Editor’s note: Support for those fighting the Cranston Fire and those who suffered loss came from many in the community. If you know of organizations and individuals who could be acknowledged, please contact Marshall Smith at firstname.lastname@example.org.
If you live in Idyllwild, you have some sense that in times of danger, loss and need, town folk come together to help, in ways big and small.
Whether it’s searching for a missing man and his dog, sending money to Hurricane Katrina victims or taking care of our own, Idyllwild is a town of local heroes. These heroes don’t seek acknowledgement. They give from the heart when they see suffering and need.
As we experience the joy of Hanukkah and Christmas, and prepare for a new year, readers suggested the Town Crier, as part of its end-of-year review, write about those who showed up and helped during and after the Cranston Fire.
This article is the first to acknowledge these local heroes. There will be more stories about those who fought the fire, those who helped feed first responders, and the many residents who came together to assist families who lost homes and treasured belongings, lost work income because of prolonged evacuation, had to pay for evacuation living expenses, replace food spoiled because of loss of electrical power and other exigent needs resulting from the fire.
The Idyllwild Library created a wall of “Local Heroes” — thank yous to individuals and businesses who helped during and after the fire. The heroes’ names are featured separately from the particular gift or gifts given, in a deft acknowledgment that no one asked to be recognized. Residents posted gratitude for such things as: “checking on my cats and giving me peace of mind;” “offering a couch for Sugar and cat and I;” “keeping me company;” “texting and keeping me informed” and many other gracious deeds. All the notes touchingly show the many thoughtful gifts townsfolk gave to others.
Some post-fire gifts were often large beyond what a town as small as ours might be expected to raise: more than $900 for the Idyllwild Community Fund at a Sandii Castleberry wiffleball tournament; $10,737 in donations to the ICF with the Community Foundation of Riverside and San Bernardino Counties matching up to $10,000 for a total of more than $20,000.
Shannon Ng, ICF president, reported that the Community Foundation’s $10,000 match would go to the Idyllwild Help Center, because of their case management ability to track how donations are spent. “The balance of $10,737 [how it is spent] can be decided by ICF but must go to nonprofits set up to help in this specific area [i.e. Cranston Fire relief],” she said.
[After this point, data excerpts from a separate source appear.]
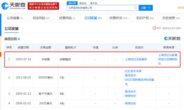 天眼查显示,近日,豆瓣内资公司北京豆网科技有限公司(以下简称:豆网科技)进行了新一轮战略融资。投资方为上海世纪出版集团,交易金额与投后估值均未透露。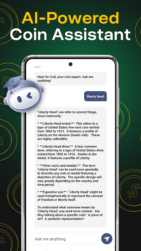 Get quick answers to all your coins related questions with the app’s AI-powered assistant. Whether it’s using the coin identifier or coin value checker, the AI provides fast, reliable responses to enhance your collecting experience.
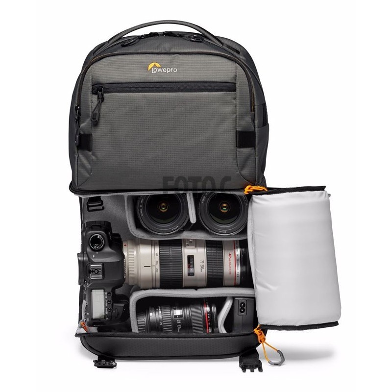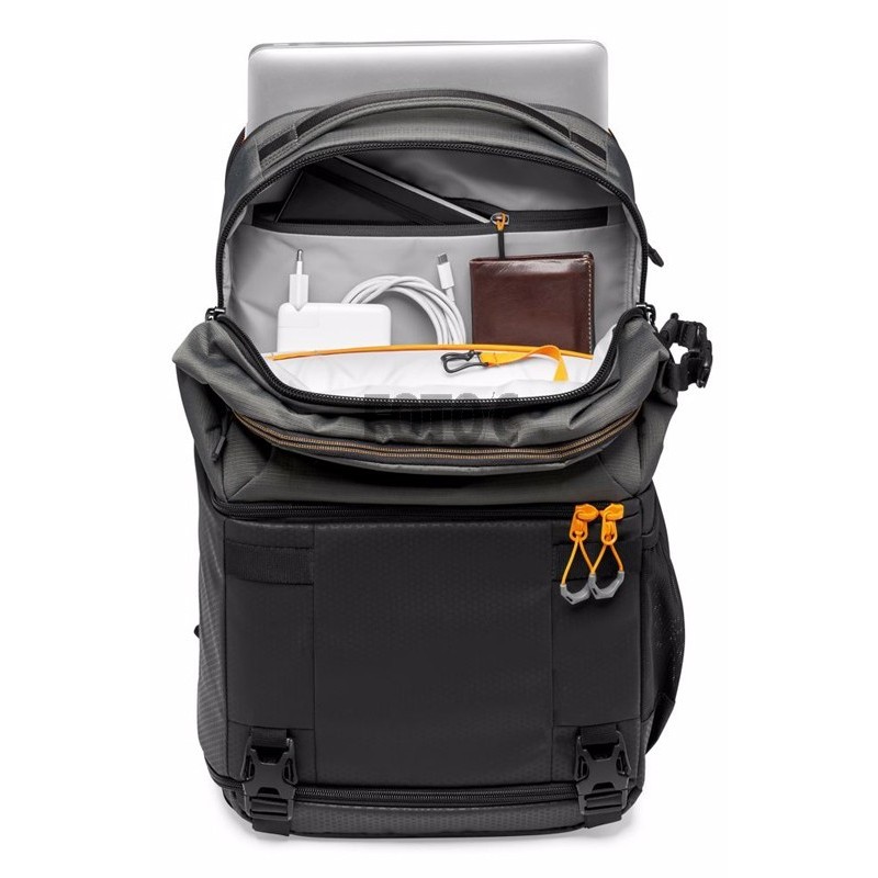 Rummer et pro spejløst eller pro DSLR med udvidet greb samt 2-3 ekstra objektiver og en 15” laptop.. Er også velegnet til en sammenklappelig drone med fuldt tilbehør samt en Ipad.

Soroptimist Theresa Teel noted her organization wrote six $500 checks for those who lost homes. “It’s not something we budgeted for, but we felt it was something we had to do,” she said. “There were people out of work, people who didn’t have insurance. We knew we had to help.”
Kathy Wilson and her Young Idyllwild crew, with the help of local musician Brian Parnell, staged a series of concerts in August that raised $42,500 from donations, silent auctions and merchandise. In association with the Help Center, another $955 was raised through T-shirt sales to be used by the Help Center for Cranston Fire victims. The $42,500 raised from the three days of concerts at local venues was paid out through grant applications to residents who had lost homes, income and other needs, according to Wilson.
The Art Alliance of Idyllwild raised $5,000 through a special musical event held on Sept. 9. According to AAI Secretary Peter Szabadi, the money was paid directly to four local individuals who lost their homes in the fire.